_ASSIGNMENT_.
Write out each entry below exactly. Do not include the images.

....

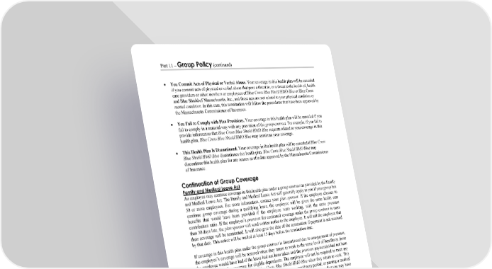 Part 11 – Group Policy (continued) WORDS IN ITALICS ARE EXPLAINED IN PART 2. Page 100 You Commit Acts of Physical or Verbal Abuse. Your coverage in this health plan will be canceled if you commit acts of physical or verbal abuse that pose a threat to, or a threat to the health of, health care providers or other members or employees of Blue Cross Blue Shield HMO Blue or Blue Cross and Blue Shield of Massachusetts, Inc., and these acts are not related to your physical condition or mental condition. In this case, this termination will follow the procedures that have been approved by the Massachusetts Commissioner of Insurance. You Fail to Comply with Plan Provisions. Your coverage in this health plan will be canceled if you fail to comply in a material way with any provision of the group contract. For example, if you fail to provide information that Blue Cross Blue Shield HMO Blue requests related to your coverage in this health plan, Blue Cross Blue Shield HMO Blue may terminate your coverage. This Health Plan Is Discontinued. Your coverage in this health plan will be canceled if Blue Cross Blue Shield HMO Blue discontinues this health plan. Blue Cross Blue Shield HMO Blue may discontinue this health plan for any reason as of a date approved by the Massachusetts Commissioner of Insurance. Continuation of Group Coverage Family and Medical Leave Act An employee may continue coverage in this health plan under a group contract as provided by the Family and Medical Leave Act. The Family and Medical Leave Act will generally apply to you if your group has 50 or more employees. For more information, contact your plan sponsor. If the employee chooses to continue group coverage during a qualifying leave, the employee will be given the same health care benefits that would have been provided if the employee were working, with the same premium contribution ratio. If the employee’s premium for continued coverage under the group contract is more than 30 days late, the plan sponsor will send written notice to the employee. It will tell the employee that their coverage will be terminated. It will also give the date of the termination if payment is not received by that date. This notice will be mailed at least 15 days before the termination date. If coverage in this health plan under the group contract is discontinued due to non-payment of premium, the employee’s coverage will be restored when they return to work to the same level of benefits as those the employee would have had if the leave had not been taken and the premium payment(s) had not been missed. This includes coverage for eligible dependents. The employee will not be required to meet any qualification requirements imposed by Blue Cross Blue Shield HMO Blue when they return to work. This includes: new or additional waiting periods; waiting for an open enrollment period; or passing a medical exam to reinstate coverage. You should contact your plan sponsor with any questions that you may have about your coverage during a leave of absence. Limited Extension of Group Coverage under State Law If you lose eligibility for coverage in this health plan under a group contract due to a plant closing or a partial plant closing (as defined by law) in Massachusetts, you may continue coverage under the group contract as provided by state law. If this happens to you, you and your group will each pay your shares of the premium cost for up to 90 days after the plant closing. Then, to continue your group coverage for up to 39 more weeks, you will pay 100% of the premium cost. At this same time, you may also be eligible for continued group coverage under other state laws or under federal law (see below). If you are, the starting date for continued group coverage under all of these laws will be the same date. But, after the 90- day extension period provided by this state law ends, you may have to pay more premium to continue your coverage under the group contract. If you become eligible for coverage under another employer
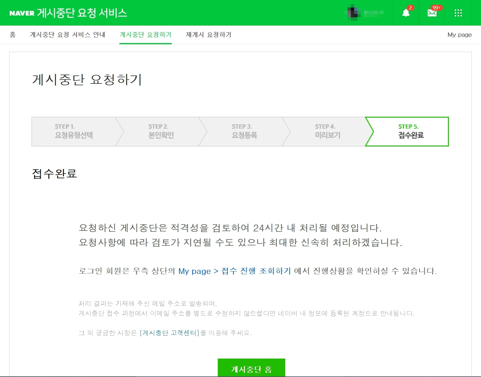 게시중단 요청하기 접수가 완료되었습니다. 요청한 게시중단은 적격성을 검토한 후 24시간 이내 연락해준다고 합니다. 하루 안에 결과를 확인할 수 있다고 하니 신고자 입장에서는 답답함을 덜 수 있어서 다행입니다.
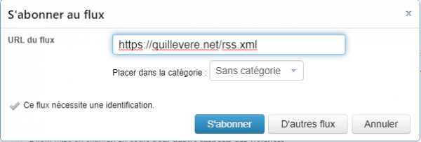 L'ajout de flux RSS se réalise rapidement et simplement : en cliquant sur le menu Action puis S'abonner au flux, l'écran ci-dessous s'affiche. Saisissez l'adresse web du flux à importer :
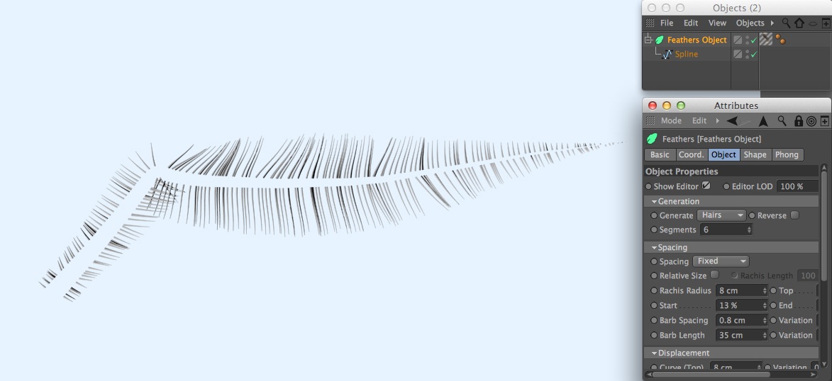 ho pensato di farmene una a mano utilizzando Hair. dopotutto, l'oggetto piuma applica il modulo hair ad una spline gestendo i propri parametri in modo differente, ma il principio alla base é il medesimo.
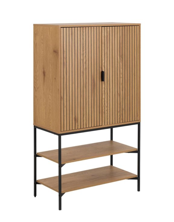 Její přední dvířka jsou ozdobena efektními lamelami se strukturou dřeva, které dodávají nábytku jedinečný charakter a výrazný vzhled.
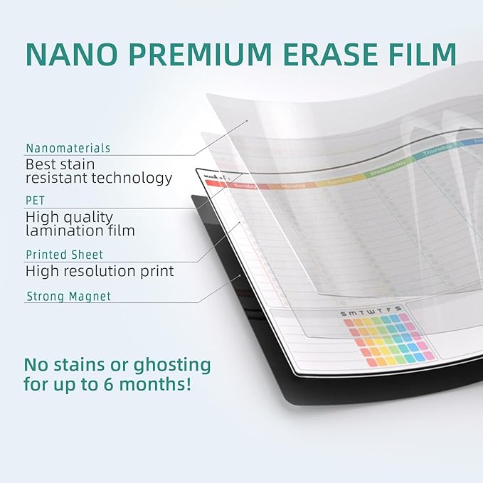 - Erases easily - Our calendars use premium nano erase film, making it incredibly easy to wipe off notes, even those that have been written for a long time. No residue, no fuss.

....

_TASK RESULT_.
 Part 11 – Group Policy (continued) WORDS IN ITALICS ARE EXPLAINED IN PART 2. Page 100 You Commit Acts of Physical or Verbal Abuse. Your coverage in this health plan will be canceled if you commit acts of physical or verbal abuse that pose a threat to, or a threat to the health of, health care providers or other members or employees of Blue Cross Blue Shield HMO Blue or Blue Cross and Blue Shield of Massachusetts, Inc., and these acts are not related to your physical condition or mental condition. In this case, this termination will follow the procedures that have been approved by the Massachusetts Commissioner of Insurance. You Fail to Comply with Plan Provisions. Your coverage in this health plan will be canceled if you fail to comply in a material way with any provision of the group contract. For example, if you fail to provide information that Blue Cross Blue Shield HMO Blue requests related to your coverage in this health plan, Blue Cross Blue Shield HMO Blue may terminate your coverage. This Health Plan Is Discontinued. Your coverage in this health plan will be canceled if Blue Cross Blue Shield HMO Blue discontinues this health plan. Blue Cross Blue Shield HMO Blue may discontinue this health plan for any reason as of a date approved by the Massachusetts Commissioner of Insurance. Continuation of Group Coverage Family and Medical Leave Act An employee may continue coverage in this health plan under a group contract as provided by the Family and Medical Leave Act. The Family and Medical Leave Act will generally apply to you if your group has 50 or more employees. For more information, contact your plan sponsor. If the employee chooses to continue group coverage during a qualifying leave, the employee will be given the same health care benefits that would have been provided if the employee were working, with the same premium contribution ratio. If the employee’s premium for continued coverage under the group contract is more than 30 days late, the plan sponsor will send written notice to the employee. It will tell the employee that their coverage will be terminated. It will also give the date of the termination if payment is not received by that date. This notice will be mailed at least 15 days before the termination date. If coverage in this health plan under the group contract is discontinued due to non-payment of premium, the employee’s coverage will be restored when they return to work to the same level of benefits as those the employee would have had if the leave had not been taken and the premium payment(s) had not been missed. This includes coverage for eligible dependents. The employee will not be required to meet any qualification requirements imposed by Blue Cross Blue Shield HMO Blue when they return to work. This includes: new or additional waiting periods; waiting for an open enrollment period; or passing a medical exam to reinstate coverage. You should contact your plan sponsor with any questions that you may have about your coverage during a leave of absence. Limited Extension of Group Coverage under State Law If you lose eligibility for coverage in this health plan under a group contract due to a plant closing or a partial plant closing (as defined by law) in Massachusetts, you may continue coverage under the group contract as provided by state law. If this happens to you, you and your group will each pay your shares of the premium cost for up to 90 days after the plant closing. Then, to continue your group coverage for up to 39 more weeks, you will pay 100% of the premium cost. At this same time, you may also be eligible for continued group coverage under other state laws or under federal law (see below). If you are, the starting date for continued group coverage under all of these laws will be the same date. But, after the 90- day extension period provided by this state law ends, you may have to pay more premium to continue your coverage under the group contract. If you become eligible for coverage under another employer
 게시중단 요청하기 접수가 완료되었습니다. 요청한 게시중단은 적격성을 검토한 후 24시간 이내 연락해준다고 합니다. 하루 안에 결과를 확인할 수 있다고 하니 신고자 입장에서는 답답함을 덜 수 있어서 다행입니다.
 L'ajout de flux RSS se réalise rapidement et simplement : en cliquant sur le menu Action puis S'abonner au flux, l'écran ci-dessous s'affiche. Saisissez l'adresse web du flux à importer :
 ho pensato di farmene una a mano utilizzando Hair. dopotutto, l'oggetto piuma applica il modulo hair ad una spline gestendo i propri parametri in modo differente, ma il principio alla base é il medesimo.
 Její přední dvířka jsou ozdobena efektními lamelami se strukturou dřeva, které dodávají nábytku jedinečný charakter a výrazný vzhled.
 - Erases easily - Our calendars use premium nano erase film, making it incredibly easy to wipe off notes, even those that have been written for a long time. No residue, no fuss.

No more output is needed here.